Gas prices highest ever on Labor Day
Drivers who filled up their gas tanks this Labor Day weekend paid more for gas than they have any other Labor Day weekend in history.
According to AAA, the national average for a gallon of regular gas hit $3.80 on Monday. That's up 14 cents from the same time last year.
Still AAA expected about a half-million more people to hit the roads over the holiday weekend.
Travelers in northeast Florida said the money they would normally spend on food and entertainment was going in the tank, meaning fewer stops and more packed lunches instead of restaurants.
The Fightmaster family planned their road trip from Beavercreek, Ohio, to St. Augustine more than a year ago and said rising gas prices have meant a different kind of trip.
"We packed what we're going to eat because it's too expensive to stop," Art Fightmaster said. "In the old days, we'd stop in a lot more restaurants and take a little more sightseeing on the way. It's just too expensive (now)."
Before this year, 2008 held the title for the highest gas prices during any other Labor Day weekend. Back then, Florida and Georgia's state averages were $3.69 and $3.61, respectively.
AAA says supply issues, both domestic and foreign, are behind the jump.
The Hendersons didn't have as long trip as the Fightmasters, driving from Orlando to Savannah, Ga. While they admit it was expensive to fill up, the higher prices didn't keep them off the road.
"When we have plans to go we go," Carolyn Henderson said. "'Cause our daughter-in-law is moving, and we wanted to see her before she left."
AAA says about 28.2 million people would be traveling by car this year despite the rise in gas prices.
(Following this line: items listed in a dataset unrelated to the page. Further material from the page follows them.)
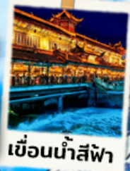
เขื่อนน้ำสีฟ้า

เที่ยวจีน 6 วัน 5 คืน 2 เมืองดัง ทัวร์ลงชิ่ง เจิงตุ เฮาส์ดรุณี
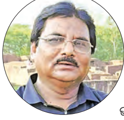
ବିଷୟ ଓଡ଼ିଆ ଭାଷା ସମ୍ବନ୍ଧୀୟ ସମସ୍ତ ଓଡ଼ିଆବାସୀଙ୍କ ସହିତ ମୁଁ ମଧ୍ୟ ଅନନ୍ତର ଓ ଗର୍ବ ଅନୁଭବ କରୁଛି ।
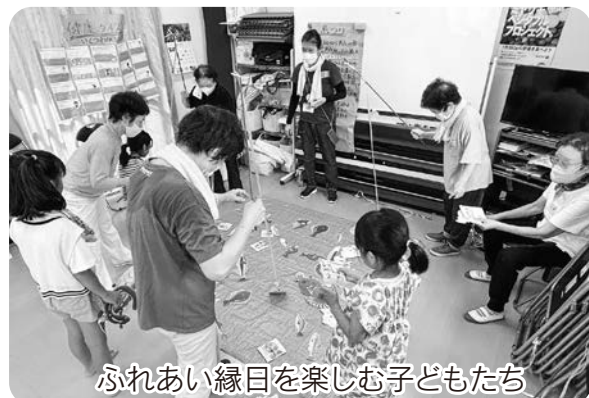
ふれあい縁日を楽しむ子どもたち

8月の夏休みに合わせて、宮崎生協病院近くの地域の8カ所の居場所(宮崎市の市民活動補助金活用)のうち4カ所で「ふれあい縁日」を実施しました。この取り組みは普段の活動で行っている高齢者の居場所づくり・フレイル予防だけでなく、子育て世代とのつながりや、子どもが医療に触れて学ぶ機会をつくる目的で昨年度から行っています。
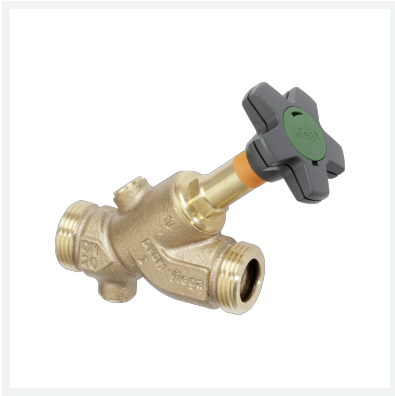
Easytop-Schrägsitzventil (Freistromventil) Modell 2237.3 Artikel 756 956
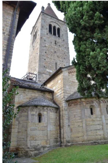
Abbazia di Sant'Egidio di Fontanella

Il borgo di Canto affonda le sue radici all'epoca della costruzione dei monasteri di Pontida e di Fontanella.
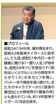
■プロフィール 昭和24(1949)年、福井県生まれ。昭和42年阪神タイガースに投手として入団。昭和51年代打一本で勝負に賭ける「一振り人生」が始まる。昭和58年クビを宣告され「給料はいくらでもいから野球をやらせてくれ」の名セリフを残し、バット一本で現役を張り続けた。またそのキャラクターから「浪速の春団治」とか野球界の「最後の侍」とも言われている。約14年阪神タイガースOB会会長を。

られて川藤幸三氏が登壇しました。講演では、川藤氏が初めて野球にかかわったきっかけから、高校時代の精神的成長のためお寺へ日参をしたこと。阪神入団時の調印エピソードや、契約金で親孝行をするはめになった話、またプロとしての苦労談や裏話にユーモアを交えて聴く人をひきつけました。最後に、その場で挙手で壇上上がった5人とのディスカッションでは、タイガースへのむつかしい質問にも、とめていねいにデータ分析と自分の思いを込めて答えられていました。アンケートの結果、15人の入会希望者と4人の入会があり、大成功の企画でした。
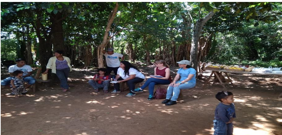
Imagen. 4. Reunión comunitaria en una de las comunidades indígenas.

Los tres viajes a campo realizados, permitieron poner en práctica la técnica de la observación participante, ya que los miembros de las comunidades no eran conocedoras de mi investigación y por lo tanto actuaron con total naturalidad en las diversas situaciones. A través de dicha técnica, se pretendió llevar a cabo una observación del comportamiento tanto de mujeres como de hombres dentro de sus respectivas comunidades, así como su forma de dirigirse y relacionarse con los y las trabajadoras del PPD y de las ONG. Permitted de esta manera analizar si las mujeres hablan y expresaban sus opiniones en público, participando activamente de las reuniones comunitarias o si por el contrario permanecían en silencio durante dichas reuniones y reservaban su opinión para el ámbito privado. Así mismo, se pretendió, a través de la observación participante, dar respuesta a algunas preguntas como las siguientes: ¿Mujeres y hombres participan de igual manera en los procesos de toma de decisión comunitaria? ¿Cómo es la relación entre los miembros de las comunidades y las trabajadoras del PPD y de las ONG acompañantes? ¿Se fomenta la agencia de las mujeres por parte de las trabajadoras del PPD y las ONG?
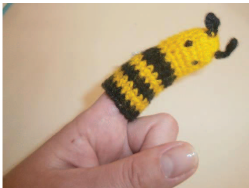
Slika 1: Prstna lutka osa

Takšne vrste lutk so najpreprostejše. Lahko so samo narisane na prstih ali izdelane iz blaga in potegnjene na prst (Majaron, 2006).
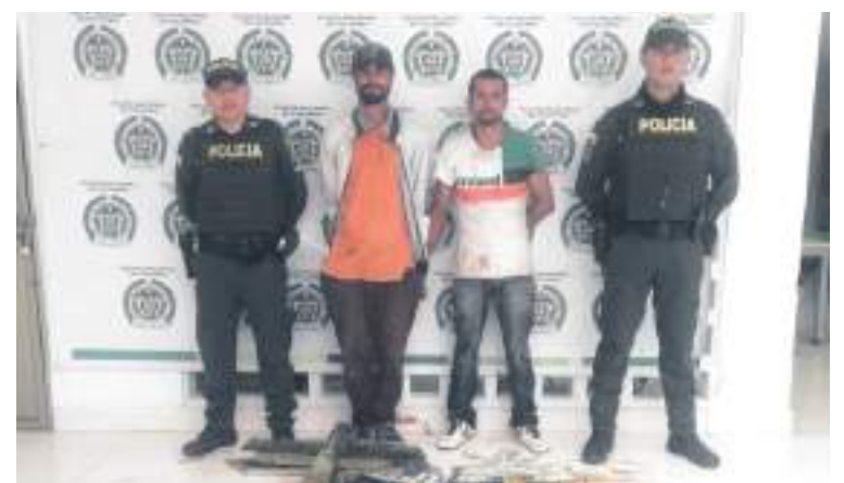
Estos dos hombres fueron capturados con 18 cruces del cementerio central en Pitalito.

Al término de las audiencias, los dos sujetos fueron cobijados con medida de aseguramiento en centro carcelario. Al parecer el objetivo del hurto era revender las cruces.

Henry Johnson, of Flagler Beach, had a family reunion in Georgia he couldn't miss. But as a disabled veteran on a fixed income, he hopes relief is on the way.
"Something has to be done," Johnson said. "I don't know what it is, I don't know who can do it, but something's got to be done."
There may be something to look forward to when it comes to gas prices. AAA says they typically start to fall after Labor Day. That's when demand goes down and winter-blend fuel production begins.